*WHAT THE TASK REQUIRES:* Below are the records; copy exactly the lines from the first through the one containing "The apartment features", both included, and leave out the pictures.

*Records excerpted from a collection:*
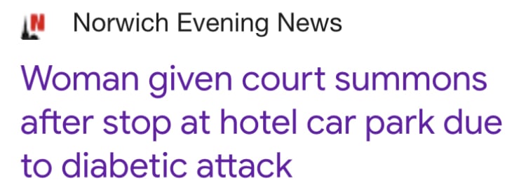 "Jessie Powell stopped for just 20 minutes after her Apple Watch alerted her to low blood sugar levels. Despite staying in the car park run by Euro Parking Services Ltd just long enough to eat a bag of sweets to bring her blood sugar levels up, she was handed a £60 fine."Of course it wasn't a fine but she seems to have got herself a CCJ, to boot:
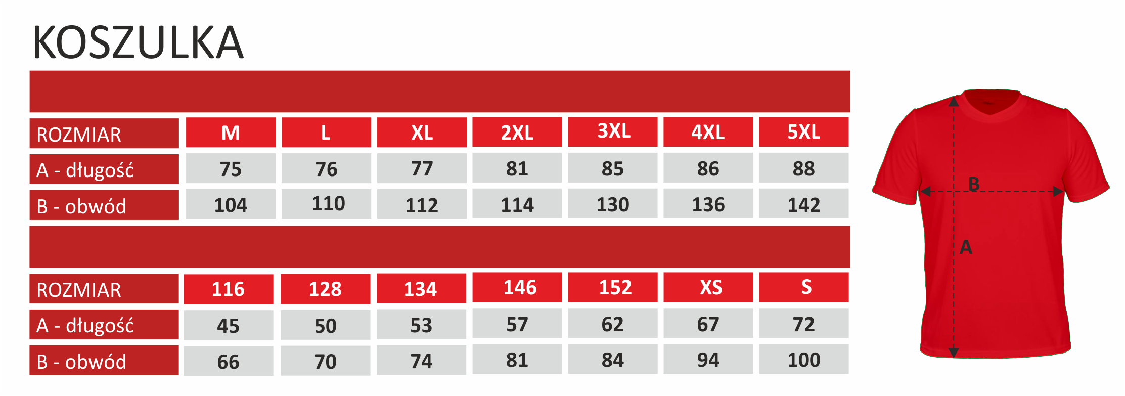 | Rozmiar | 116, 128, 134, 146, 152, XS, S, M, L, XL, 2XL, 3XL, 4XL, 5XL |
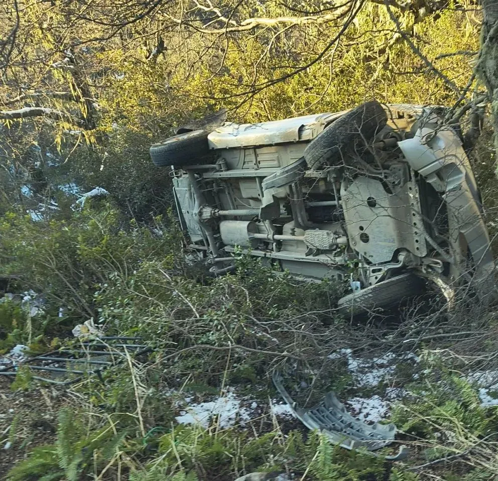 Según se pudo conocer, el conductor perdió el control del rodado, que se precipitó varios metros por la ladera, provocando importantes daños estructurales en la unidad.
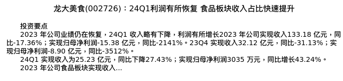 值得注意的是:2024年05月浙商证券的杨骥/杜宛泽分析师,首次发布关于龙大美食的研究报告,标题为:龙大美食(002726):24Q1利润有所恢复 食品板块收入占比快速提升。
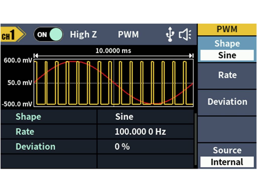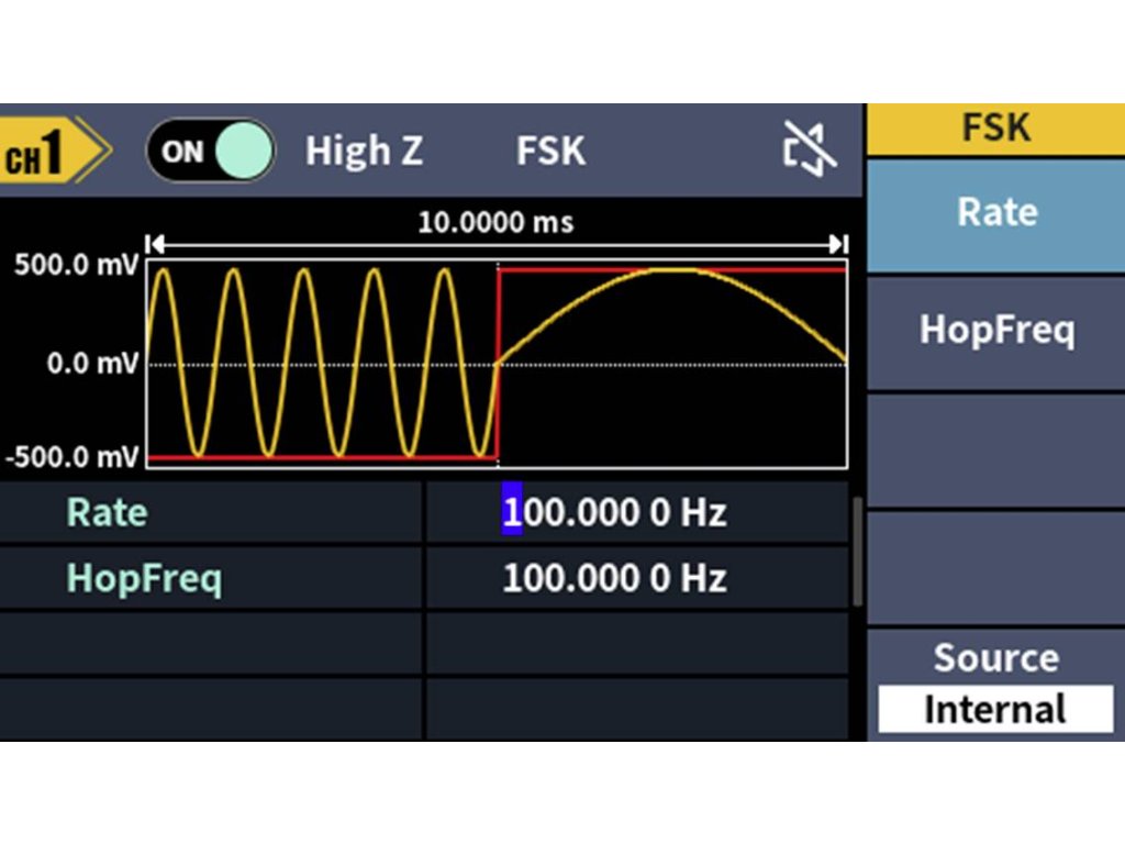 Rozsáhlý průběh signálu: Sinus, obdélník, impuls, rampa, šum a 150 integrovaných arbitrárních průběhůDélka hřídele: 2 PTS až 100 kMODULACE: AM, DSB-AM, FM, PM, ASK, FSK, PSK, BPSK, QPSK, 3FSK, 4FSK, OSK, PWM, SUM, SWEEP, BURSTFrekvenční rozsah: 100 MHz - 100 MHzRozlišení frekvenčního čítače: 7-místnýVstup: Vstup čítače frekvence, externí modulační vstup, externí trigger vstupVýstup: SyncKomunikační rozhraní: Rozhraní USB Host, USB zařízení
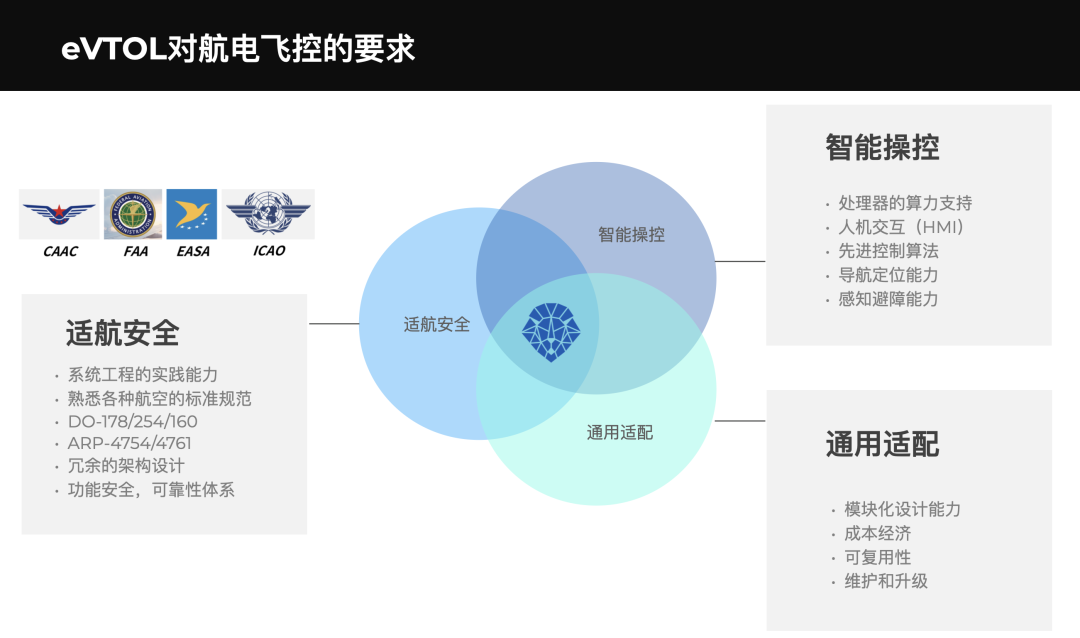 eVTOL场景下对模块化通用化设计,以及如何控制成本和经济性提出了更多的要求。如果以汽车行业自动驾驶系统来类比,自动飞行系统同样要考虑到成本控制、系统复用性以及未来的维护和升级。
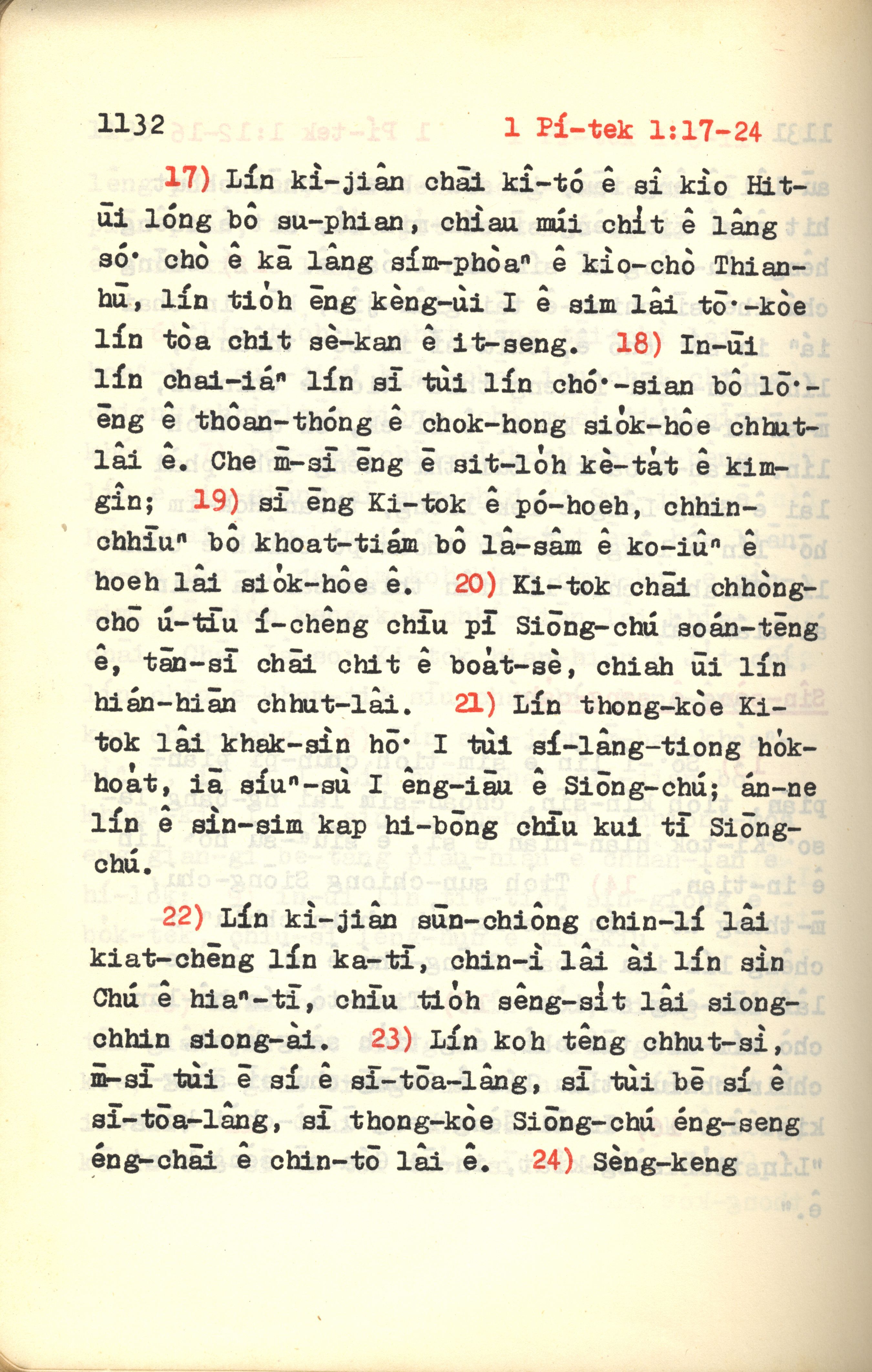1972年新約紅皮聖經 彼得前書 1 章 17 節到 1 章 24 節
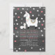 A baby shower invitation featuring an illustration of a mother and baby llama with pink and white polka dots over a grey watercolor inspired background. Personalise the pink and white text.
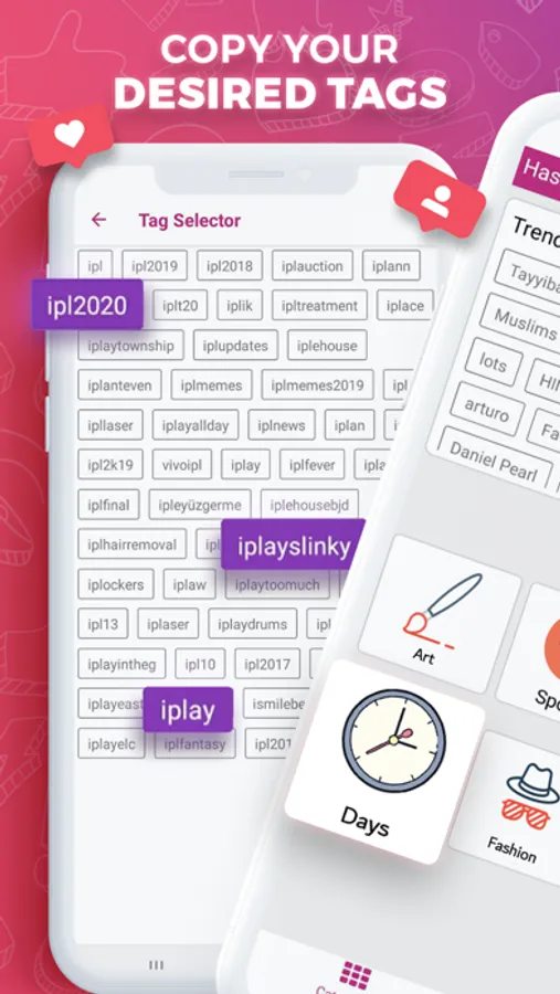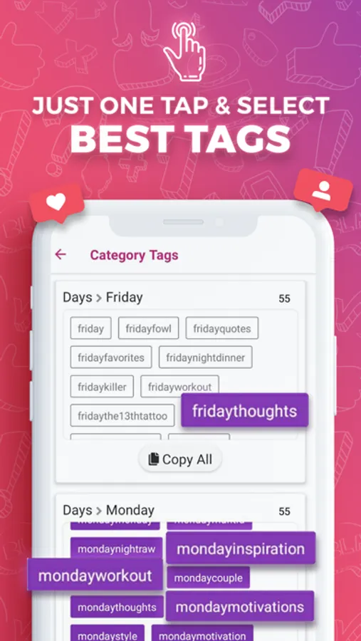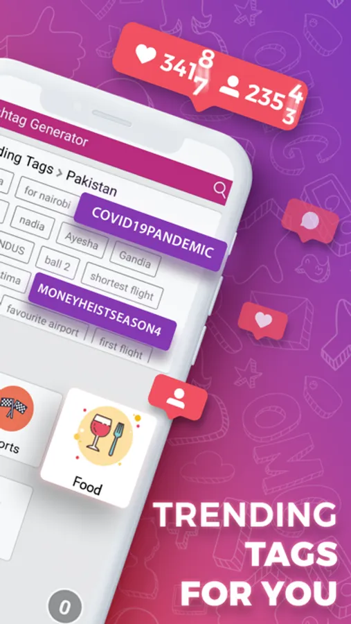 Use hashtag generator pro to find trending hashtags from different categories including sports, fashion, movies, food, nature, art and lifestyle. This app got you covered to find relevant hashtags quickly and pasting those to your Instagram, Twitter, TikTok, and YouTube posts to get more likes, shares and comments.
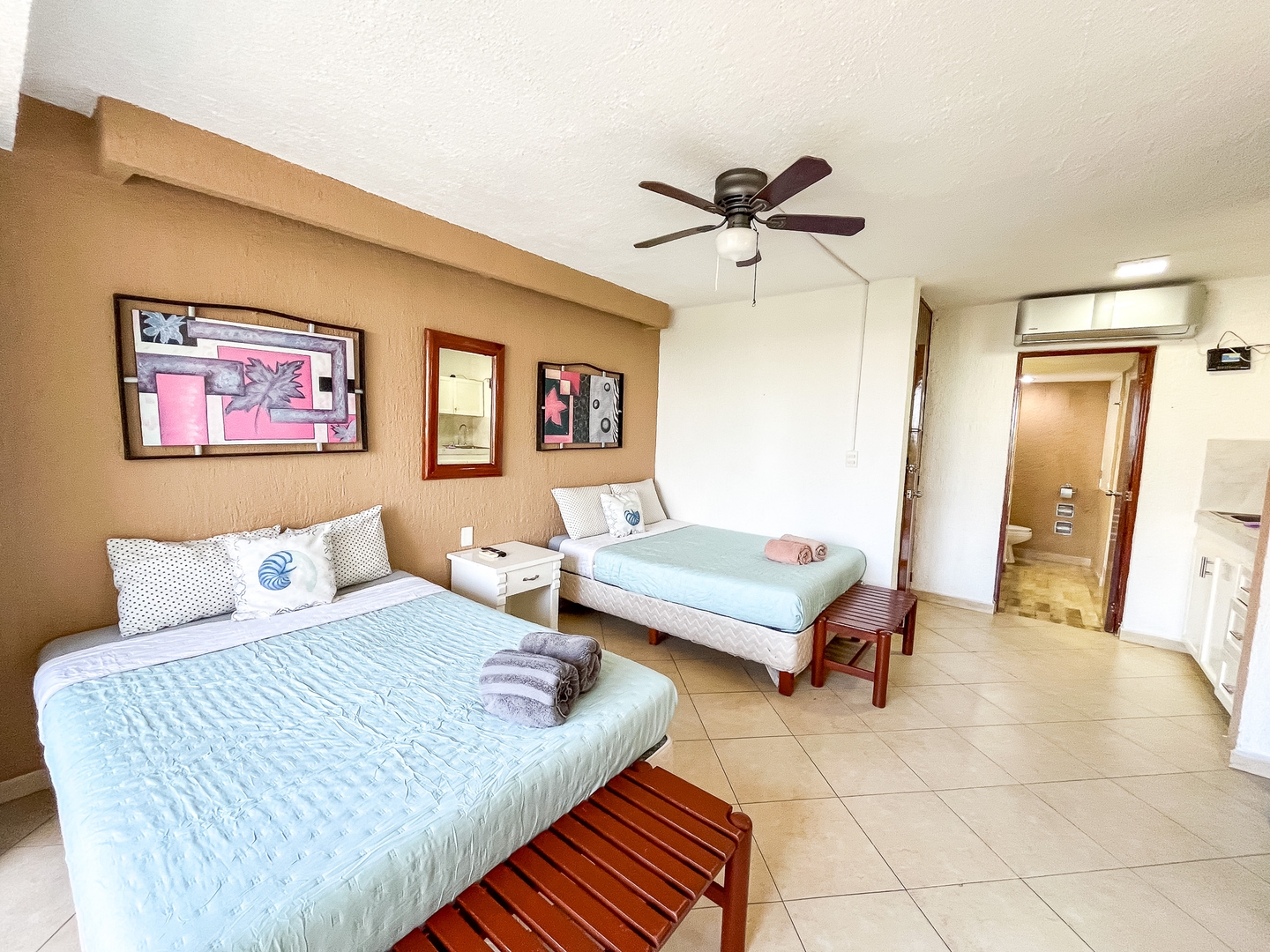 The apartment features two double beds, a private bathroom, TV, and a fully equipped kitchen. Designed for comfort and functionality, it’s ideal for short or extended stays.
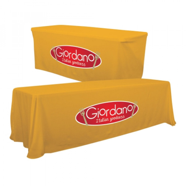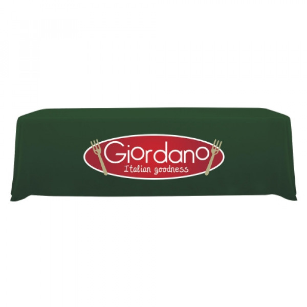 This throw is easily convertible so it fits both 8' and 6' table sizes. Simply fold the edges and attach them to hook-and-loop strips on the back of the throw.::Your graphic will be imprinted on the front of the table throw::Draped look for 8' tables, fitted look for 6' tables::Covers four sides of the table::Polyester poplin fabric::Flame retardant treated (FR rated for exhibit halls)::Machine-washable; do not dry clean and do not iron::One-year product warranty::Product Size : 96 in (W) x 28 in (H) x 30 in (D)::Product Size Converted to 6ft Throw : 72 in (W) x 28 in (H) x 30 in (D)
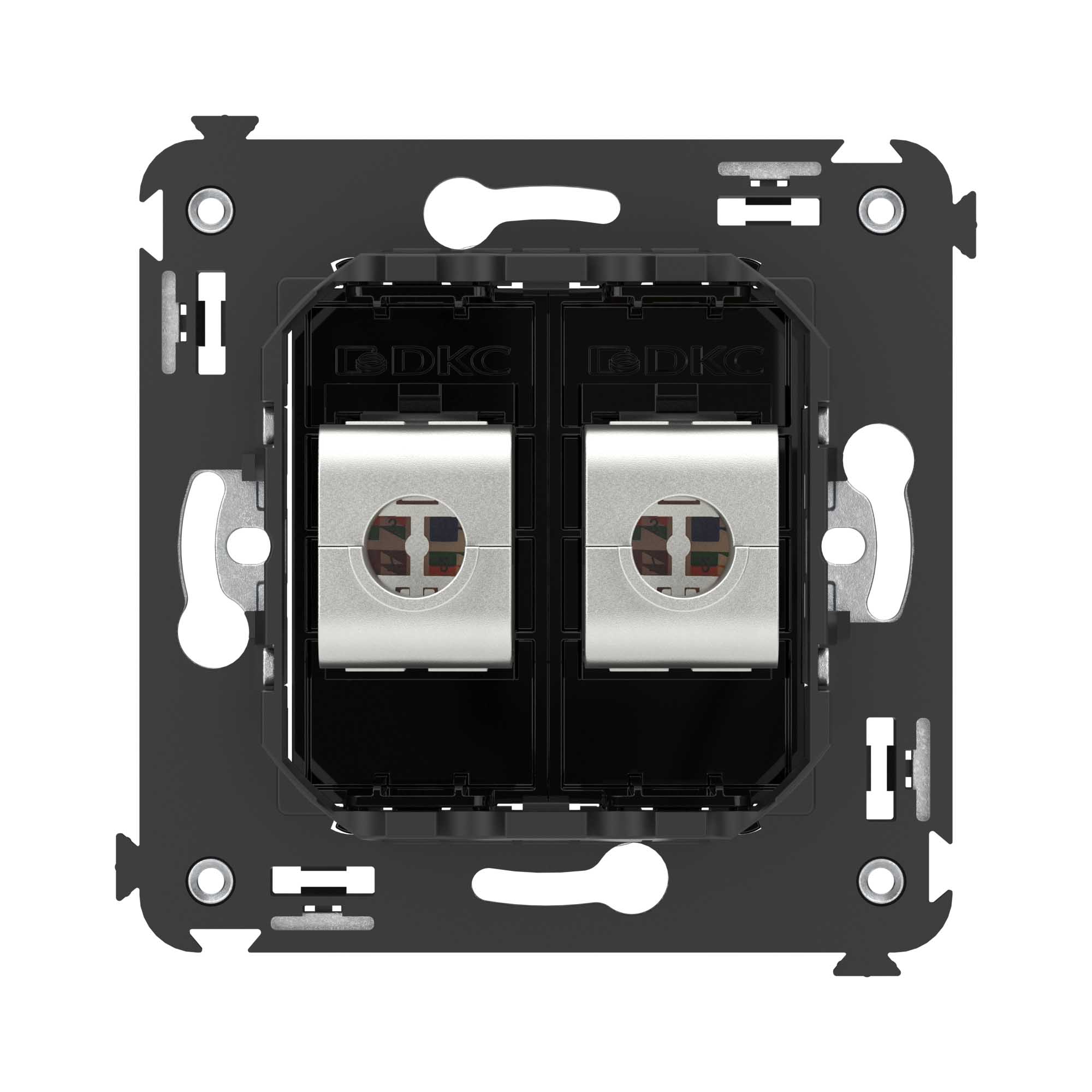 DKC Avanti Компьютерная розетка RJ-45 без шторки в стену, кат.5e двойная экранированная, Черный квадрат от производителя DKC (ДКС). Артикул производителя 4402764.

*WRITTEN RESPONSE:*
 "Jessie Powell stopped for just 20 minutes after her Apple Watch alerted her to low blood sugar levels. Despite staying in the car park run by Euro Parking Services Ltd just long enough to eat a bag of sweets to bring her blood sugar levels up, she was handed a £60 fine."Of course it wasn't a fine but she seems to have got herself a CCJ, to boot:
 | Rozmiar | 116, 128, 134, 146, 152, XS, S, M, L, XL, 2XL, 3XL, 4XL, 5XL |
 Según se pudo conocer, el conductor perdió el control del rodado, que se precipitó varios metros por la ladera, provocando importantes daños estructurales en la unidad.
 值得注意的是:2024年05月浙商证券的杨骥/杜宛泽分析师,首次发布关于龙大美食的研究报告,标题为:龙大美食(002726):24Q1利润有所恢复 食品板块收入占比快速提升。
 Rozsáhlý průběh signálu: Sinus, obdélník, impuls, rampa, šum a 150 integrovaných arbitrárních průběhůDélka hřídele: 2 PTS až 100 kMODULACE: AM, DSB-AM, FM, PM, ASK, FSK, PSK, BPSK, QPSK, 3FSK, 4FSK, OSK, PWM, SUM, SWEEP, BURSTFrekvenční rozsah: 100 MHz - 100 MHzRozlišení frekvenčního čítače: 7-místnýVstup: Vstup čítače frekvence, externí modulační vstup, externí trigger vstupVýstup: SyncKomunikační rozhraní: Rozhraní USB Host, USB zařízení
 eVTOL场景下对模块化通用化设计,以及如何控制成本和经济性提出了更多的要求。如果以汽车行业自动驾驶系统来类比,自动飞行系统同样要考虑到成本控制、系统复用性以及未来的维护和升级。
1972年新約紅皮聖經 彼得前書 1 章 17 節到 1 章 24 節
 A baby shower invitation featuring an illustration of a mother and baby llama with pink and white polka dots over a grey watercolor inspired background. Personalise the pink and white text.
 Use hashtag generator pro to find trending hashtags from different categories including sports, fashion, movies, food, nature, art and lifestyle. This app got you covered to find relevant hashtags quickly and pasting those to your Instagram, Twitter, TikTok, and YouTube posts to get more likes, shares and comments.
 The apartment features two double beds, a private bathroom, TV, and a fully equipped kitchen. Designed for comfort and functionality, it’s ideal for short or extended stays.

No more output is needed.